Message handling is prioritized by thread priority. Since I/O requests are performed using message passing, high priority threads receive I/O service before low priority threads, an essential feature in a hard real-time system.
The boot loader is the other key component of the minimal microkernel system. Because user programs can be built into the boot image, the set of device drivers and support libraries needed for startup need not be, and are not, in the kernel. Even such functions as program loading are not in the kernel, but instead are in shared user-space libraries loaded as part of the boot image. It is possible to put an entire boot image into ROM, which is used for diskless embedded systems.

Is QNX basically a "hypervisor" loading BMW's application as a "module" during the boot process? I feel like we (or at least, I) don't understand entirely what we're looking at from a high level. I'm still unsure where/when QNX finishes booting and when the BMW application is loaded.

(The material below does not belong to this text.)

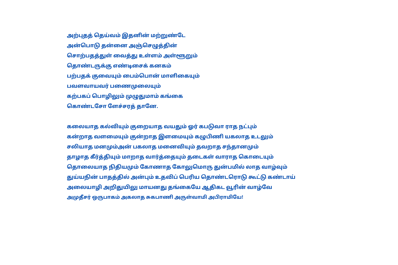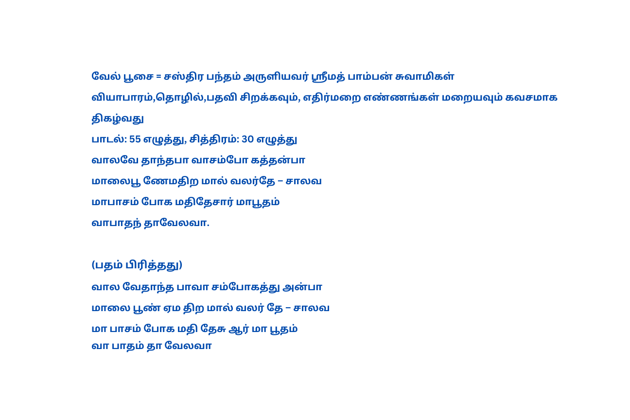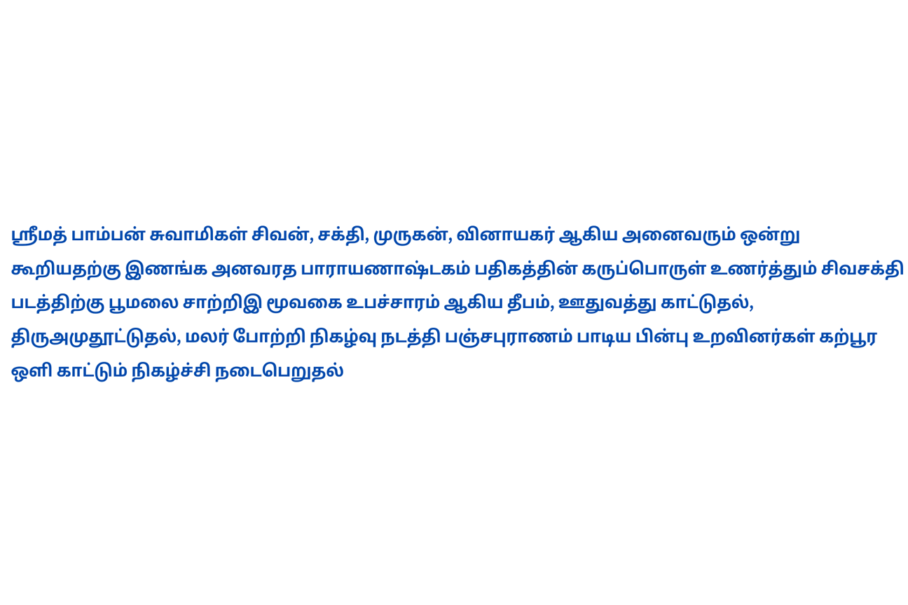 நால்வர் பாடிய தேவாரம், திருவள்ளுவர் இயற்றிய திருக்குறள், திருமூலர் அருளிய திருமந்திரம், அருணகிரிநாதர் அருளிய திருப்புகழ், மற்றும் ஶ்ரீமத் பாம்பன் சுவாமிகள் அருளிய பதிகங்கள் உள் அடக்கியதாகும்.

Also, @BLACKHAT : feel like volunteering your CiC hdd for some quick dd action?

EDIT: It actually doesn't look that hard to get to. http://www.bimmerfest.com/forums/showthread.php?t=841458

 

[rhodesman]

I just got the ATA -> USB adaptor, I might just try to copy off my HDD myself (and upgrade to a SSD if I can get one). Maybe then I can try to boot the HDD copy inside the QNX VM?? Would that even work!?

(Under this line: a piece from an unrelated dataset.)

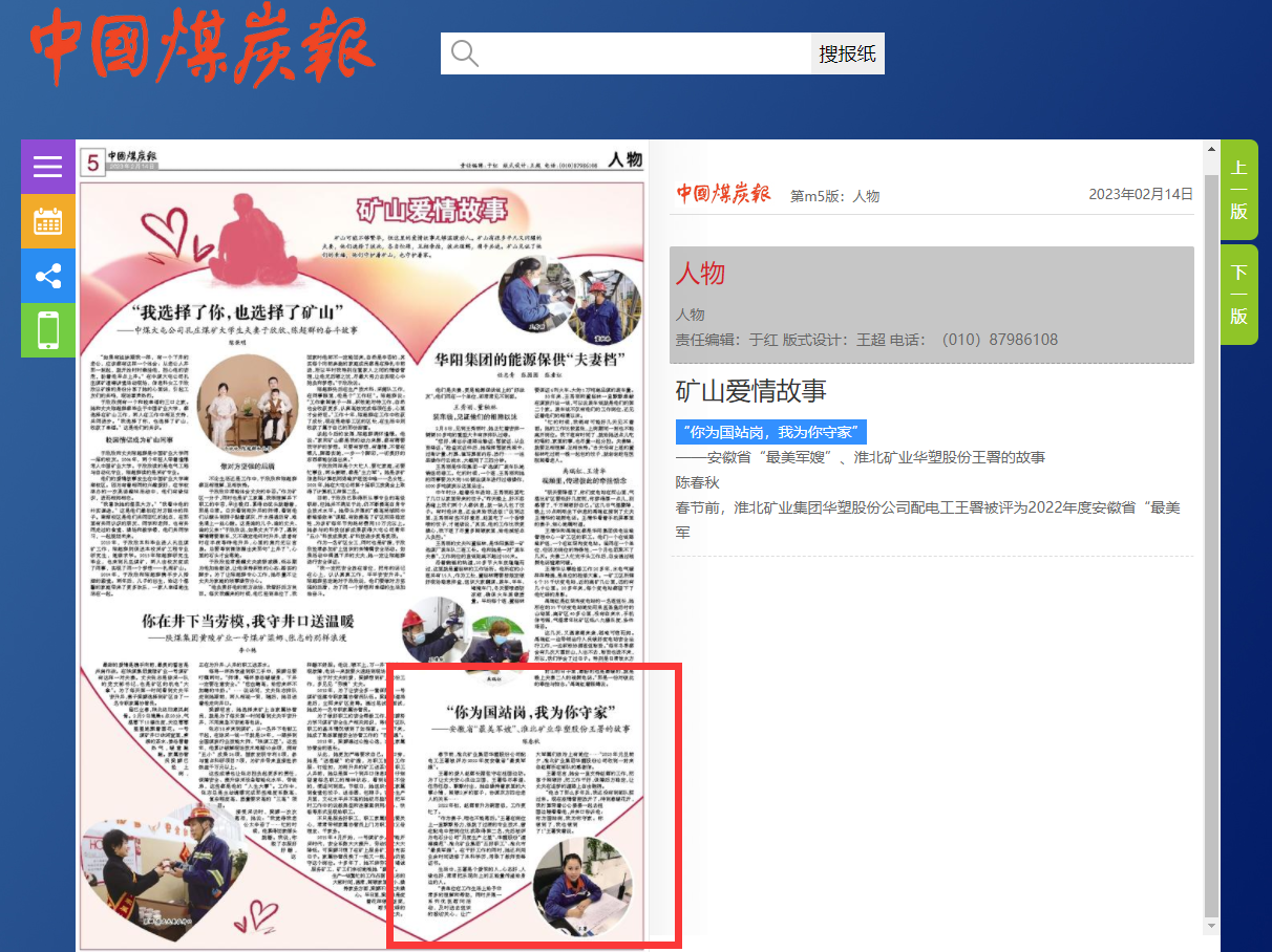 《中国煤炭报》2月14日五版:“你为国站岗,我为你守家”——安徽省“最美军嫂”、淮北矿业华塑股份王署的故事

wow it looks like the only thing between me and the CIC HDD are some retention clips! Don't even need a screw driver! LOL, gotta love the 1-series.

 

[Xer0449]

I just got the ATA -> USB adaptor, I might just try to copy off my HDD myself (and upgrade to a SSD if I can get one). Maybe then I can try to boot the HDD copy inside the QNX VM?? Would that even work!?

I hope so!
It will probably freak out looking for physical devices that don't exist, but we should be able to get something from it for sure. Definitely would make a better dev environment than what we have currently. I hope it doesn't end up being 80gig (it probably will).

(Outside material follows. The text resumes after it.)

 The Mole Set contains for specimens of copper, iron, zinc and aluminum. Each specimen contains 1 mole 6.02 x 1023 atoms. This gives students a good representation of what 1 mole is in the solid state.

Plug it into your adapter and into your machine, but do not mount the device! Find what device it is /dev/xxx/, and create a disk image from it like so:
dd if=/dev/device_of_cic of=/path/to/other/drive/cic.img bs=32M

It's going to take awhile...

LPT: It should be easy to ID the device by running dmesg shortly after plugging it in.

Also, this made me chuckle:

-k VerboseLevel=2 >/dev/null

I've seen a bunch of these scripts redirect stdin/out/err to /dev/console either directly, or by way of $logger. I just thought that was interesting.